NSLs and the National Surveillance State

I agree with Yale law professor Jack Balkin -- we live today in a national surveillance state. This article in the Washington Post detailing the FBI's use of "national security letters" (NSLs) tells an important part of that story. According to the Post:
The FBI has increasingly used administrative orders to obtain the personal records of U.S. citizens rather than foreigners implicated in terrorism or counterintelligence investigations, and at least once it relied on such orders to obtain records that a special intelligence-gathering court had deemed protected by the First Amendment, according to two government audits released yesterday.

The episode was outlined in a Justice Department report that concluded the FBI had abused its intelligence-gathering privileges by issuing inadequately documented "national security letters" from 2003 to 2006, after which changes were put in place that the report called sound.

A report a year ago by the Justice Department's inspector general disclosed that abuses involving national security letters had occurred from 2003 through 2005 and helped provoke the changes. But the report makes it clear that the abuses persisted in 2006 and disclosed that 60 percent of the nearly 50,000 security letters issued that year by the FBI targeted Americans.
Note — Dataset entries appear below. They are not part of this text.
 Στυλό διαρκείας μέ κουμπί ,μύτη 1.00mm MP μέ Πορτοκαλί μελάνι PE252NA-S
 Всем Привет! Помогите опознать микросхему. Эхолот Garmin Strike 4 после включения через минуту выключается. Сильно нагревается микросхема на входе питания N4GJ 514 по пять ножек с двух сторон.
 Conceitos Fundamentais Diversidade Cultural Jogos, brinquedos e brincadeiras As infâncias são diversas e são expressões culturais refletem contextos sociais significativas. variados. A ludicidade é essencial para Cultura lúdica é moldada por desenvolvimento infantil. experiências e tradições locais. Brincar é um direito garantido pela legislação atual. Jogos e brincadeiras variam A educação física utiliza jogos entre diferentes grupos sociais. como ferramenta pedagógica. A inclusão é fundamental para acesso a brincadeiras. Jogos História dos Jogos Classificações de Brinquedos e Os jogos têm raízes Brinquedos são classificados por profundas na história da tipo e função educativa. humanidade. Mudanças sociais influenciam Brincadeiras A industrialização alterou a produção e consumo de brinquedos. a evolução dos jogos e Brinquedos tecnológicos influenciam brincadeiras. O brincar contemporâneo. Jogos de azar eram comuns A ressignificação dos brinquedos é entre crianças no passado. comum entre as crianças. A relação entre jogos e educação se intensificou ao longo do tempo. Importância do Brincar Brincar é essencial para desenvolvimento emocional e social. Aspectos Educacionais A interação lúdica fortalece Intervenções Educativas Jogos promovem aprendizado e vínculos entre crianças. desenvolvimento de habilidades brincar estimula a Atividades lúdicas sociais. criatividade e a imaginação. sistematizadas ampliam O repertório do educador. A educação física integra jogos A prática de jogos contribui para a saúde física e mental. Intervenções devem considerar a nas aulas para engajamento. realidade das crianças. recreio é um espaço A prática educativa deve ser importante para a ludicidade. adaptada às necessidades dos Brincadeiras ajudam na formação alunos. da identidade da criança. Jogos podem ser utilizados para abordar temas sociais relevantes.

Because U.S. citizens enjoy constitutional protections against unreasonable searches and seizures, judicial warrants are ordinarily required for government surveillance. But national security letters are approved only by FBI officials and are not subject to judicial approval; they routinely demand certain types of personal data, such as telephone, e-mail and financial records, while barring the recipient from disclosing that the information was requested or supplied.
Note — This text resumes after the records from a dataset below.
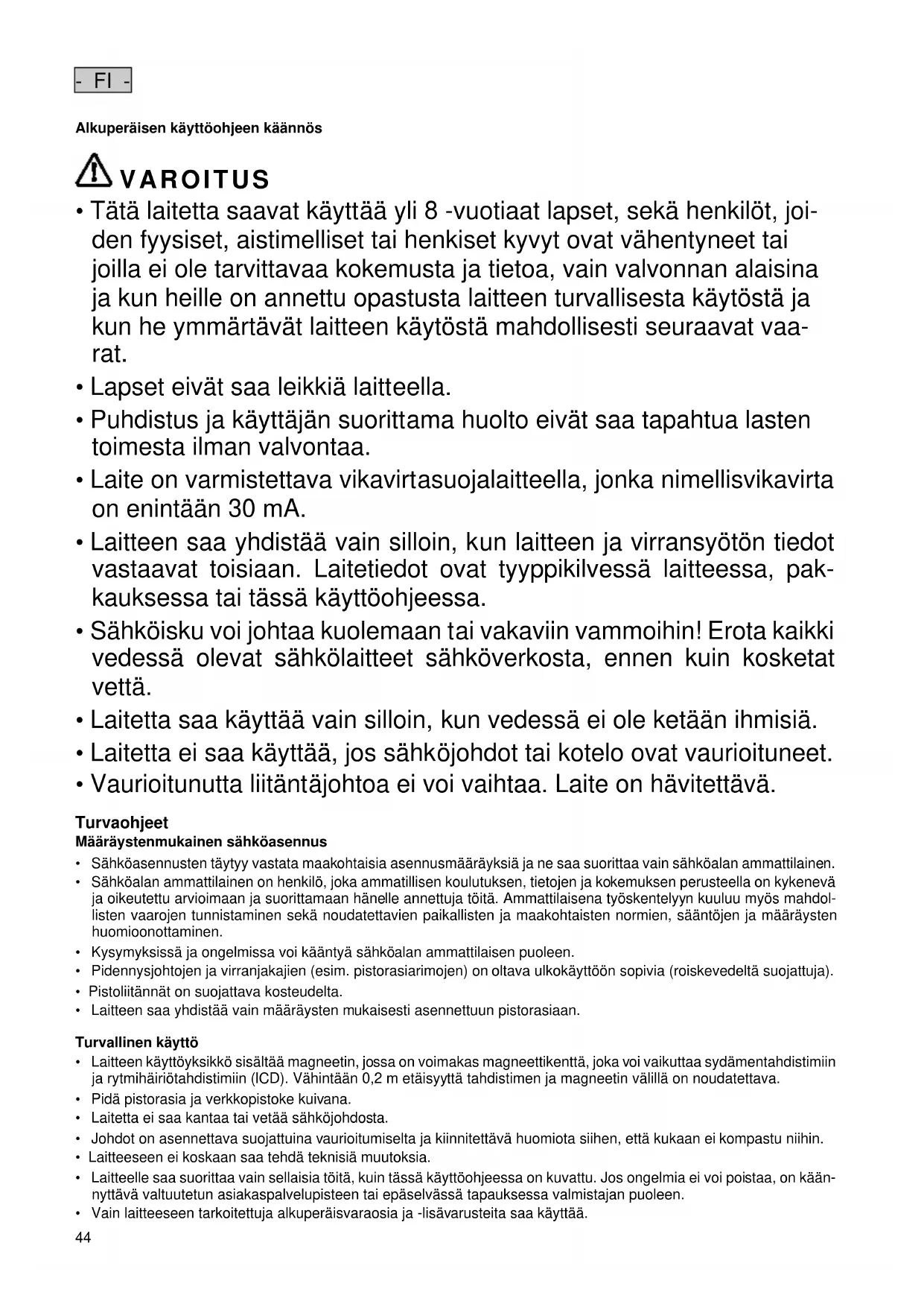 - Vaurioitunutta liitäntäjohtoa ei voi vaihtaa. Laite on hävitettävä. Turvaohjeet Määräystenmukainen sähköasennus
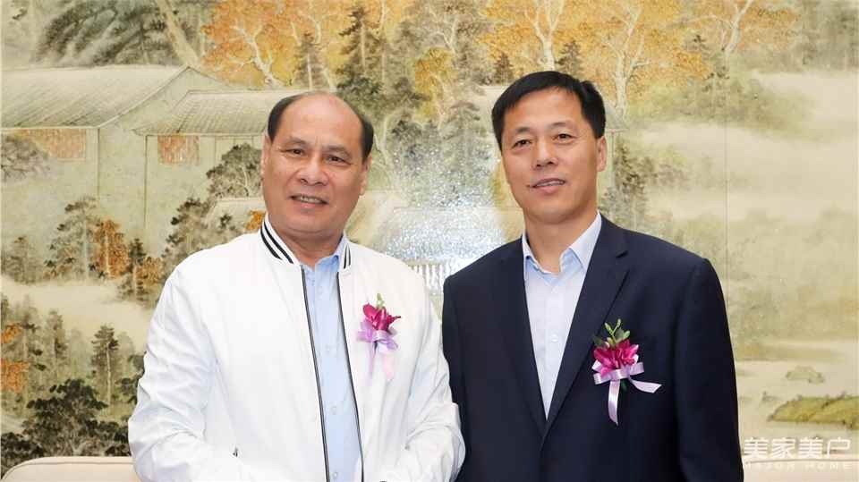 广东省门业协会会长、润成创展董事长关润开(左),青岛晟森机械董事长张建军(右)
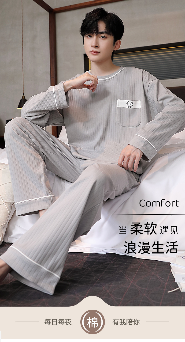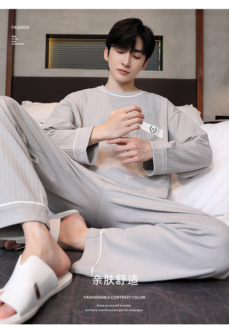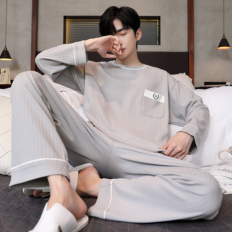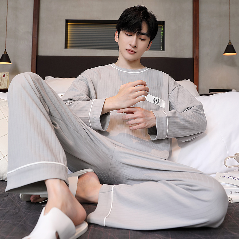 男士睡衣春秋季男睡衣休闲简约宽松长袖长裤秋冬可外穿

According to the findings by Justice Department Inspector General Glenn A. Fine, the FBI tried to work around the Foreign Intelligence Surveillance Court, which oversees clandestine spying in the United States, after it twice rejected an FBI request in 2006 to obtain certain records. The court had concluded "the 'facts' were too thin" and the "request implicated the target's First Amendment rights," the report said.

But the FBI went ahead and got the records anyway by using a national security letter. The FBI's general counsel, Valerie E. Caproni, told investigators it was appropriate to issue the letters in such cases because she disagreed with the court's conclusions.
My thoughts: For reasons of convenience, expediency, secrecy and efficiency, federal law enforcememnt has increasingly turned towards surveillance and investigative methods which do not require ex ante review or approval by an Article III court. These letters raise very significant concerns, as do the other expansions of law enforcement surveillance authority over the lsat 20 years. If you still think you've got a reasonable expectation of privacy in your daily life -- check again. The exceptions very nearly swallow the rule today.
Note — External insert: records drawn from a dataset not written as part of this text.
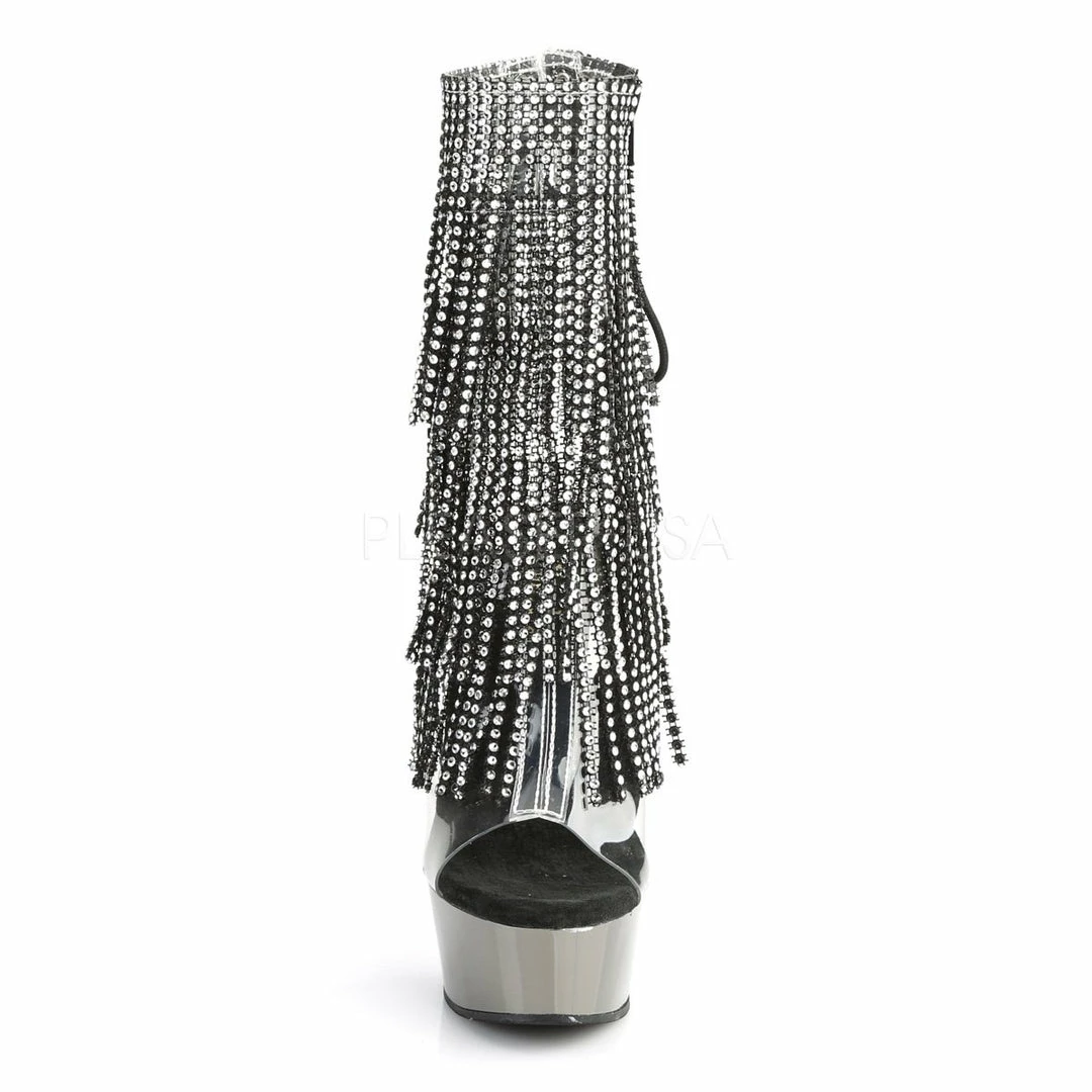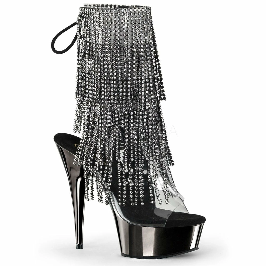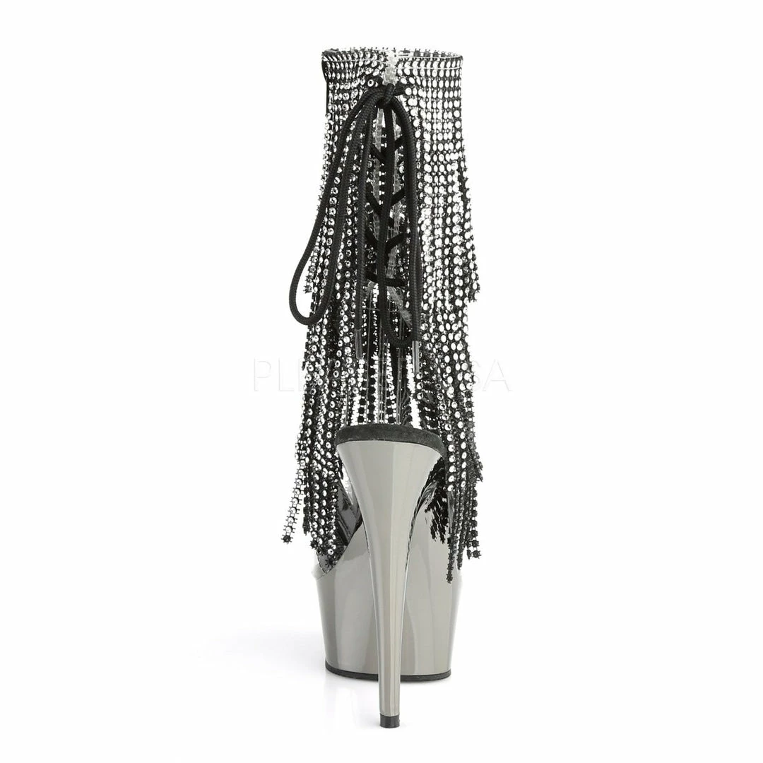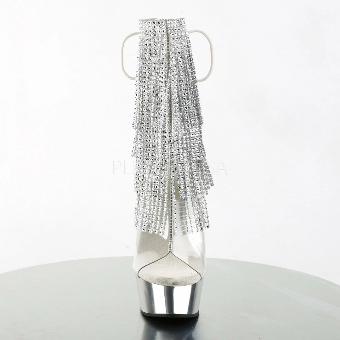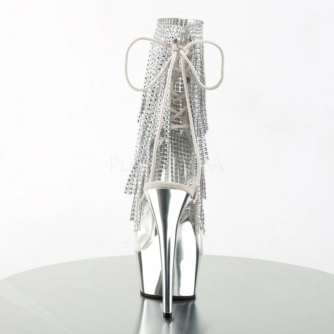 6″ (15.2cm) heel, 1/3/4″ (4.5cm) chrome plated platform, open toe/heel, back lace-up ankle boot featuring 4-layer chrome plated, simulated rhinestone fringe. Inside zip closure.
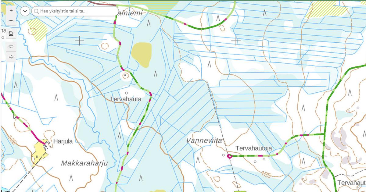 Karttapalvelusta voi katsoa yksityisteiden ja siltojen kuntoa Suomessa.
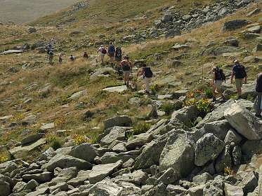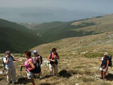 Met terreinwagens dringen we diep het Pelistergebergte in. Na een rit van ruim 1 ½ uur stappen we op 2250 meter hoogte uit en maken samen met een lokale berggids een prachtige wandeling rondom de twee kaarmeertjes, die op respectievelijk 2180 en 2200 m hoogte liggen. Dit zijn de ‘Ogen van de Pelister’, die in een door gletsjers uitgesleten kom aan de oostzijde van de 2600 meter hoge top van de Pelsiter liggen. Bij helder weer hebben we vanaf een van de toppen schitterend uitzicht het Prespameer in de diepte. Na de wandeling dalen we met de terreinwagens weer af naar ons berghotel. Lengte van de wandeling: 10 km, 5 uur wandelen, 300m stijgen en dalen.

Is this a problem? Depends on your perspective. What worries me here is the slow bureaucratic expansion of power -- like the ever-expanding Blob of movie fame. The FBI and intelligence community may need administrative tools like this. Ultimately, we may decide it's in our interest to allow law enforcement the use of these tools -- whether for targeting suspected terrorists, drug dealers, organized crime figures, or even Client No. 9. But that's got to be a public debate, and it's got to be a debate held by accountable officials, not agency officials behind closed doors. We have a stake in this policy, and we should get a say.